In this section, I will use what I learned in last section to fit the best few models on the full training set and then evaluate the model on the validation set.

### Read in data

In [1]:
import pandas as pd
from sklearn.ensemble import RandomForestClassifier
from sklearn.metrics import accuracy_score, precision_score, recall_score

tr_features = pd.read_csv('../data/train_features.csv')
tr_labels = pd.read_csv('../data/train_labels.csv')

val_features = pd.read_csv('../data/val_features.csv')
val_labels = pd.read_csv('../data/val_labels.csv')

te_features = pd.read_csv('../data/test_features.csv')
te_labels = pd.read_csv('../data/test_labels.csv')



### Fit best models on full training set

Results from last section:
```
BEST PARAMS: {'max_depth': 10, 'n_estimators': 100}

0.772 (+/-0.068) for {'max_depth': 2, 'n_estimators': 5}
0.805 (+/-0.098) for {'max_depth': 2, 'n_estimators': 50}
0.792 (+/-0.144) for {'max_depth': 2, 'n_estimators': 100}
0.794 (+/-0.052) for {'max_depth': 10, 'n_estimators': 5}
0.82 (+/-0.057) for {'max_depth': 10, 'n_estimators': 50}
---0.832 (+/-0.054) for {'max_depth': 10, 'n_estimators': 100}
0.801 (+/-0.052) for {'max_depth': 20, 'n_estimators': 5}
0.807 (+/-0.034) for {'max_depth': 20, 'n_estimators': 50}
0.803 (+/-0.026) for {'max_depth': 20, 'n_estimators': 100}
0.794 (+/-0.06) for {'max_depth': None, 'n_estimators': 5}
---0.807 (+/-0.014) for {'max_depth': None, 'n_estimators': 50}
---0.809 (+/-0.033) for {'max_depth': None, 'n_estimators': 100}
```

In [2]:
# i will take the 3 best hyper parameter combinations and i will re fit those models on the-
# full training set.

# why do i need to refit on the full training set?
# i want to evaluate this on the validation set, so i will allow my model to learn from-
# the full training set, instead of limiting it to only 80%

# once this cell is run, rf1, rf2, rf3 will become fit models. i can then use them to make-
# predictions on unseen data
rf1 = RandomForestClassifier(n_estimators=100, max_depth=10)
rf1.fit(tr_features, tr_labels.values.ravel())

rf2 = RandomForestClassifier(n_estimators=100, max_depth=None)
rf2.fit(tr_features, tr_labels.values.ravel())

rf3 = RandomForestClassifier(n_estimators=50, max_depth=None)
rf3.fit(tr_features, tr_labels.values.ravel())

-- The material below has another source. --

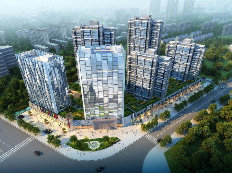 项目规划设计沿用并汲取北上广深高端居住小区绿色低碳和宜居宜业的规划理念,住宅及商业建筑采用组团式点式布局,充分挖掘大别山青年城项目资源的复合效应,使商业、商务、居住有机融合,形成聚合效应。
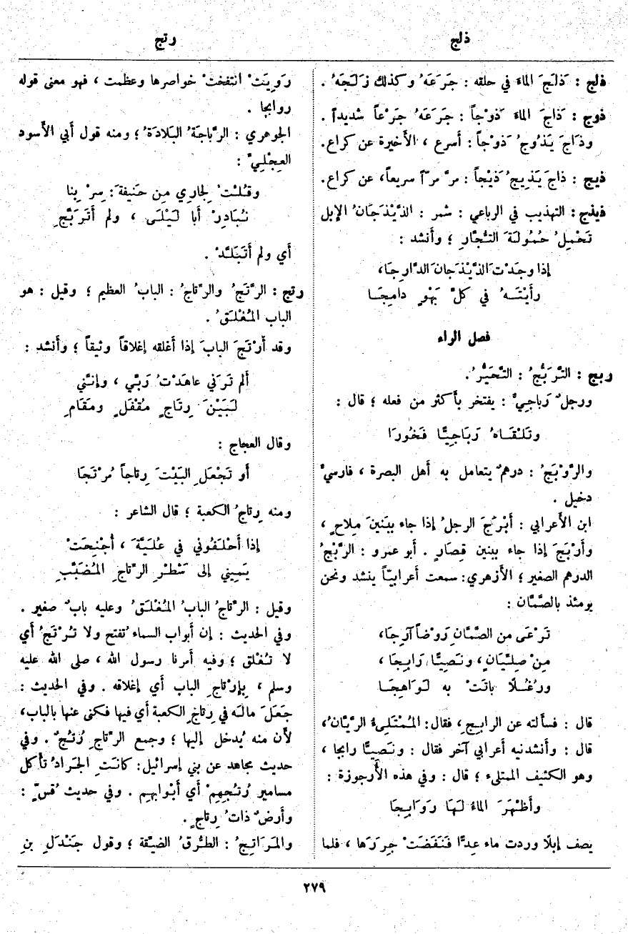 قَالَ: فسأَلته عَنِ الرابِجِ، فَقَالَ: المُمْتَلِئُ الرَّيَّانُ، قَالَ: وأَنشدنيه أَعرابي آخَرُ فَقَالَ: ونَصِيًّا رَابِجًا، وَهُوَ الْكَثِيفُ الْمُمْتَلِئُ، قَالَ: وَفِي هَذِهِ الأُرجوزة:

### Evaluate models on validation set
Now i will evealuate the above fit models on the validation set.
The only examples these models have seen at this point are those in the training set.

This is the true test. its the test of the models ability to generalize to unseen data. 
If they are overfit or underfit, they will fail here.

I will be using accuracy, precision, and recall to evaluate these models to select the one that generalizes best to the validation set.

In [4]:
# to eveluate these i will use a for loop where i will cycle through my three models.
# and then for each model, i will call the predict method, and then pass in my validation features.
# this will make predictions and it will output an array of those features 

# after i have the predictions, i want to generate some results metrics
for mdl in [rf1, rf2, rf3]:
    y_pred = mdl.predict(val_features)
    accuracy = round(accuracy_score(val_labels, y_pred), 3)
    precision = round(precision_score(val_labels, y_pred), 3)
    recall = round(recall_score(val_labels, y_pred), 3)
    print('MAX DEPTH: {} / # OF EST: {} -- A: {} / P: {} / R: {}'.format(mdl.max_depth,
                                                                         mdl.n_estimators,
                                                                         accuracy,
                                                                         precision,
                                                                         recall))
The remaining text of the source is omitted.